#### SUPPLIED DATA:
BEGIN

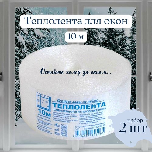 Самоклеящаяся теплолента - уплотнитель, утеплитель для окон, 10 м х 5 см (2 штуки), для теплоизоляции, заделывания щелей в оконных рамах
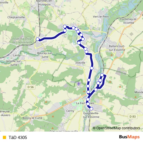 The first stop of the TàD 4305 bus route is Gendarmerie and the last stop is Gare de Bouray. TàD 4305 is operational during tous les jours.
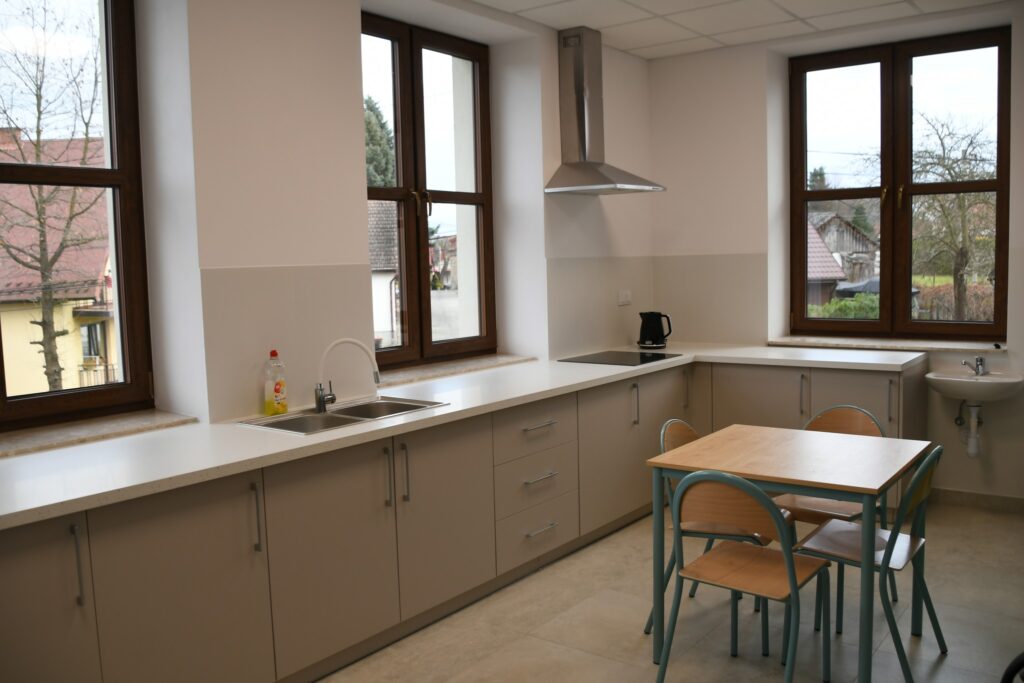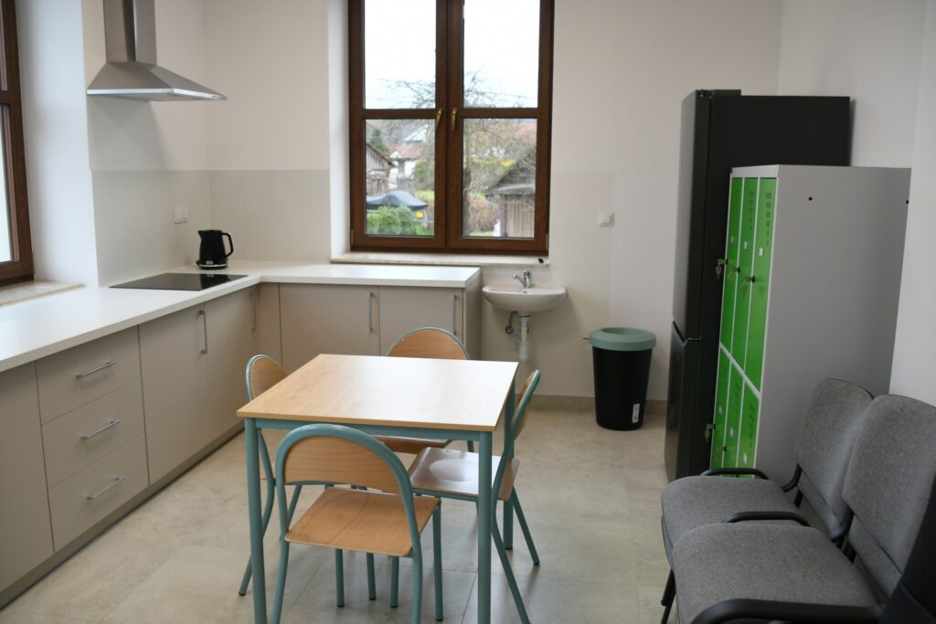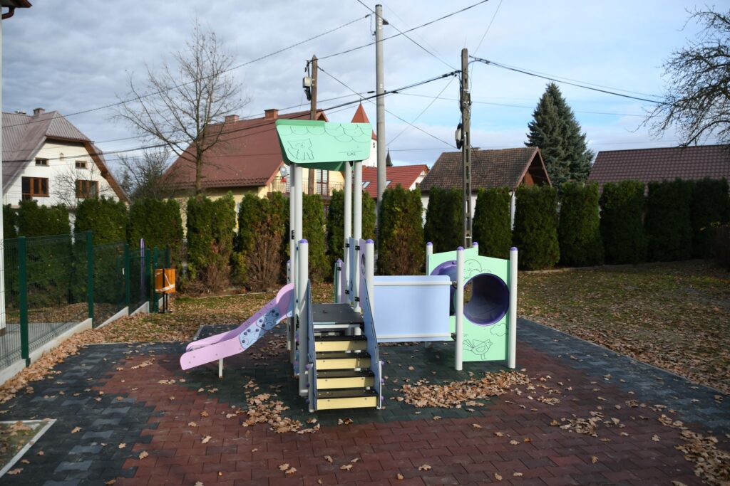 W budynku pomieszczenie gospodarcze zaadaptowano na szatnie, zaplecze techniczne, higieniczne oraz punkt wydawania posiłków, zakupiono też pierwsze wyposażenie potrzebne do funkcjonowania placówki. Zadanie uzupełniła budowa nowego placu zabaw.
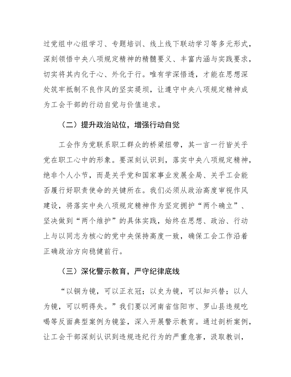 副主席在总工会党组理论学习中心组传达河南省信阳市、罗山县xx名干部违规吃喝问题研讨会上的交流发言同志们:中央八项规定精神如劲风涤荡,为新时代党的作风建设锚定方向。河南省信阳市、罗山县xx名干部在学习教育期间违规吃喝的通报,如一记重锤,敲响了作风建设的警钟。市总工会作为全市各级工会的引领者、国家政权的有力支撑、职工权益的坚定维护者,必须深刻汲取教训,以更高站位、更严标准,将中央八项规定精神融入工会工作的每一处脉络。下面,我结合工作实际,谈几点体会。一、以“慎独慎微”的自律精神,夯实作风根基(一)强化理论武装,领悟精神内核总书记强调:“理想信念是共产党人精神上的‘钙’,没有理想信念,理想信念不坚定,精神上就会‘缺钙’,就会得‘软骨病’。”我们要把学习总书记关于加强党的作风建设的重要论述和中央八项规定及其实施细则精神作为重中之重。通过党组中心组学习、专题培训、线上线下联动学习等多元形式,深刻领悟中央八项规定精神的精髓要义、丰富内涵与实践要求,切实将其内化于心、外化于行。唯有学深悟透,才能在思想深处筑牢抵制不良作风的坚实堤坝,让遵守中央八项规定精神成为工会干部的行动自觉与价值追求。(二)提升政治站位,增强行动自觉工会作为党联系职工群众的桥梁纽带,其一言一行皆关乎党在职工心中的形象。要深刻认识到,落实中央八项规定精神,绝非个人小节,而是关乎党和国家事业发展全局、关乎工会能否履行好职责使命的关键所在。我们必须从政治高度审视作风建设,将落实中央八项规定精神作为坚定拥护“两个确立”、坚决做到“两个维护”的具体实践,始终在思想、政治、行动上与以同志为核心的党中央保持高度一致,确保工会工作沿着正确政治方向稳健前行。(三)深化警示教育,严守纪律底线“以铜为镜,可以正衣冠;以史为镜,可以知兴替;以人为镜,可以明得失。”我们要以河南省信阳市、罗山县违规吃喝等反面典型案例为镜鉴,深入开展警示教育。通过剖析案例,让工会干部深刻认识到违规违纪行为的严重危害,汲取教训,引以为戒。同时,大力宣传贯彻中央八项规定精神的先进典型,树立鲜明导向。强化纪律意识与规矩意识,教育引导工会干部时刻保持清醒头脑,自觉遵守党的纪律和规矩,做到心有所畏、言有所戒、行有所止,坚守纪律底线不动摇。二、以“刮骨疗毒”的果敢决心,整治作风积弊(一)聚焦关键领域,严纠违规吃喝违规吃喝绝非小事,而是严重影响党在人民群众心中形象的大问题。在工会系统,我们要重点聚焦工会经费使用、职工活动组织、对外交流合作等领域,坚决杜绝违规公款吃喝、接受管理和服务对象宴请等行为。严格执行工会经费使用管理规定,加强经费收支审计监督,确保工会经费使用合法合规、公开透明。规范职工活动组织开展,严禁借活动之名铺张浪费、大吃大喝。加强对外交流合作管理,严格按规定安排接待活动,坚决抵制违规吃喝歪风。(二)狠刹形式主义,提升工作效能形式主义是作风建设的大敌,严重阻碍工作落实与职工权益保障。我们要坚决整治工会工作中的形式主义问题,精简会议活动,严格控制会议数量、规模和时长,提高会议质量与效果,开短会、讲短话、求实效。精简文件简报,改进文风,无实质内容、可发可不发的文件、简报一律不发。优化工作流程,减少不必要的工作环节与过度留痕现象,让工会干部将更多时间和精力投入到为职工群众服务的实际工作中,切实提高工作效能,推动工会工作高质量发展。(三)力戒官僚主义,密切联系职工工会工作的核心是为职工群众服务,必须坚决反对官僚主义,密切联系职工群众。我们要深入基层、深入一线、深入职工群众,倾听职工呼声,了解职工需求,关心职工疾苦,切实为职工群众办实事、解难题。改进工作作风,坚决克服在联系服务职工中消极应付、冷硬横推、效率低下等问题,切实维护职工群众的合法权益。建立健全联系职工群众的长效机制,拓宽职工群众反映问题的渠道,加强与职工群众的沟通交流,不断增强职工群众的获得感、幸福感和安全感。(四)严查隐形变异,保持高压态势随着正风肃纪力度不断加大,一些“四风”问题呈现出隐形变异的新动向。我们要保持...

END

Copy nothing but the lines from the top of the material through the line holding "W budynku pomieszczenie", exactly as written; omit pictures.

 Самоклеящаяся теплолента - уплотнитель, утеплитель для окон, 10 м х 5 см (2 штуки), для теплоизоляции, заделывания щелей в оконных рамах
 The first stop of the TàD 4305 bus route is Gendarmerie and the last stop is Gare de Bouray. TàD 4305 is operational during tous les jours.
 W budynku pomieszczenie gospodarcze zaadaptowano na szatnie, zaplecze techniczne, higieniczne oraz punkt wydawania posiłków, zakupiono też pierwsze wyposażenie potrzebne do funkcjonowania placówki. Zadanie uzupełniła budowa nowego placu zabaw.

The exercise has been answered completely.